Different Recall&Accuracy Results
Hi,
I ran your code successfully and some results are different, especially for batch_size: 48. I used your parameters, but accuracy and recall values' differences are overmuch. I wonder why, maybe you changed other parameters. Especially for batch size: 48, why accuracies and recalls values are quite different according to your results.
Also biobert model didn't run, I got an error
Have a nice day.
===PARAMETERS=== debug False debug_data_num 200 dataset bc5cdr dataset_dir ./dataset/ serialization_dir ./serialization_dir/ preprocessed_doc_dir ./preprocessed_doc_dir/ kb_dir ./mesh/ cached_instance False lr 1e-05 weight_decay 0 beta1 0.9 beta2 0.999 epsilon 1e-08 amsgrad False word_embedding_dropout 0.1 cuda_devices 0 scoring_function_for_model indexflatip num_epochs 10 patience 10 batch_size_for_train 48 batch_size_for_eval 48 or 16, I tried this bert_name bert-base-uncased max_context_len 50 max_mention_len 12 max_canonical_len 12 max_def_len 36 model_for_training biencoder I tried other models candidates_dataset ./candidates.pkl max_candidates_num 10 search_method_for_faiss indexflatip how_many_top_hits_preserved 50 ===PARAMETERS END===

BioBERT error:

I'm sorry for the delay in replying, and thank you for the detailed comparison experiment.
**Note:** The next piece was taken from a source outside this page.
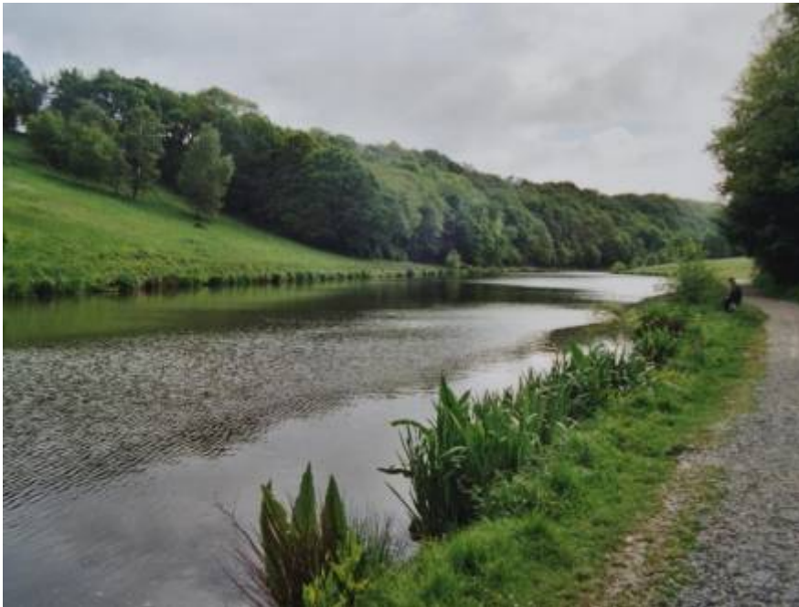
L'étang de Coupeau créé en 1969
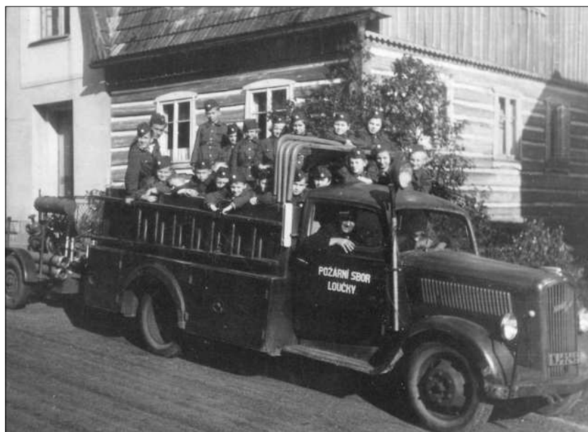
Sbor dobrovolných hasičů (50. – 60. léta 20. století)

I don't have time to adjust the parameters for this code. I'll let you know what I noticed about your comment.
-
Batch size during training is important, because in-batch training, as used in the BLINK model and Gillick et al's model, batch size matters a lot.
-
The reason why the biobert model does not load is not immediately clear: if you have a newer version of transformers or allennlp, it is likely that it will not load with this code.